HBS Question: Does Your Company Belong in the Blogosphere or is it just Synthetic Transparency?
I subscribe to Harvard Business School Working Knowledge newsletter that basically gives free access to select HBS articles. This week, the first article in the weekly subscription email caught my eyes, nahin actually my eyes got glued to it. The caption of the article is “Does Your Company Belong in the Blogosphere?” Now if HBS is talking about blogging, it starts sounding pretty mainstream. The article can be read from:
http://hbswk.hbs.edu/item.jhtml?id=5111&t=technology
It points out various corporate blogs like that of GM, Boeing and Sun among others. I quickly scanned these blogs and found the Sun blog a bit interesting. GM and Boeing blogs sound ‘corporatish’ at first glance, but then don’t take my words for it, scout around on your own. Though much of the article is about basic stuff like Technorati, RSS feeds and how blogs talk with each other, some sound advice given in the article (and I wish a few Indian companies will read it) is this and quoting from the article:
“A corporate blog allows a company both to keep an ear to the ground to hear what’s being said about it and, if necessary, speak up with a correction.”
“Don’t let the PR department write your blog. Bloggers will sniff it out, and when they do, you will lose all credibility,” says Weil. She points to GM’s Lutz as a senior executive whose writing style is genuine, conversational, and engaging, and whose blog—like the best executive-written blogs—eschews corporate-speak.”
Quoted from http://hbswk.hbs.edu/item.jhtml?id=5111&t=technology
I doubt if many companies would be able to do anything creative with their blogs if General Motors (GM) blog is any indicator.
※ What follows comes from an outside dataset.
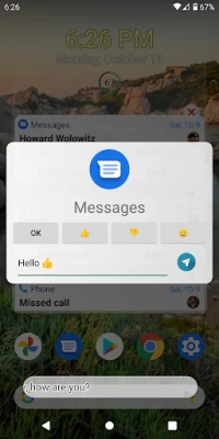 Clearly displays notifications from the top bar in the widget with fast reply in conversations or media player controls.

Recently GM has been in news for all the wrong reasons. I read a BBC news article that highlighted several problems:
“US carmaker General Motors is to cut 30,000 jobs in North America, in a restructuring that aims to save $2.5bn (£1.4bn) a year and revive the company …
To add to its woes, the firm warned earlier this month that it will have to restate its 2001 accounts after they were overstated by about $300m, while its accounts are also being investigated by the US Securities and Exchange Commission.”
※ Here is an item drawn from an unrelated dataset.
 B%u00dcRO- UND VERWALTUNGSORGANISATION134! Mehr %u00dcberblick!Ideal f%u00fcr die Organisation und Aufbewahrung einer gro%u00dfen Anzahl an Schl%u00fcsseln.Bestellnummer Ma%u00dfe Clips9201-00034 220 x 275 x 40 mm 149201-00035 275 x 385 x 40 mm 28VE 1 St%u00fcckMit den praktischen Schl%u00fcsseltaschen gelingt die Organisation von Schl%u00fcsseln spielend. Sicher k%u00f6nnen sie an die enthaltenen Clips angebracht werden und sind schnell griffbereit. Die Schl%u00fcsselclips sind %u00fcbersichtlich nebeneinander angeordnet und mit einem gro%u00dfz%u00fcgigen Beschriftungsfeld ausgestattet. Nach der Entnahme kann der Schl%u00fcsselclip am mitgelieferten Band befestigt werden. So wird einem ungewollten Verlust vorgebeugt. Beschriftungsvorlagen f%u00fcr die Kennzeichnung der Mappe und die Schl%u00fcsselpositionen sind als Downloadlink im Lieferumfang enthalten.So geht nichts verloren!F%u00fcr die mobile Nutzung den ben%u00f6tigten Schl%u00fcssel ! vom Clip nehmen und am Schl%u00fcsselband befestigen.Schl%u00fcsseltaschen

Quoted from http://news.bbc.co.uk/1/hi/business/4457038.stm
If one looks at the corporate blog, there is not even a whiff of any such event and it doesn’t sound authentic. While I agree it is never going to be easy for a corporation to write about its financial mess, in not doing so, claims to authenticity and blogging are going to take a beating till the time blogs become completely mainstream and may that time never come.
In fact the same HBS article points to the following blog:
http://www.blogwriteforceos.com/
where following discussion seems very apt for GM
“Michael Wiley, GM’s Director of New Media and a member of the Fastlane blog team, left this comment on Dave Taylor’s Intuitive Life blog [scroll down to the third comment]:
“You’re right that blogging at GM is a balancing act of many different stories, stakeholders and approaches that constantly demands focus. We decided early on that the blog’s primary focus is on product, product development, vehicle design and quality. A vehicle company’s reason for existence is to sell cars, so the selling piece gets some attention, too. Corporate issues such as staffing levels [my edit: layoffs] and facility usage [er, factory shut-downs] are not the blog’s focus.”
Michael, I know you well. It’s OK to use the word layoffs, really.
On the other hand… I just thought of this.
Michael is savvy enough to know that someone doing a fine-tooth combed search for “GM” and “lay-offs” on Google just might unearth the comment he left on Dave Taylor’s blog. And I suspect he’d rather his words not come up in that search result. No dumb bunny, he.
Weird and woolly…”
Quoted from http://www.blogwriteforceos.com/blogwrite/2005/11/more_on_whether.html
To sum it up, is this synthetic transparency?
“A group of students in “Advanced Organizational Communication” at Northeastern University are penning a blog along with their professor and they’ve come up with a new way of describing a corporate blog:
Synthetic transparency involves using blogs to give the impression of openness, honesty, and transparency but without really doing so.”
Quoted from http://www.blogwriteforceos.com/
I agree with the students and their professor from Northeastern University.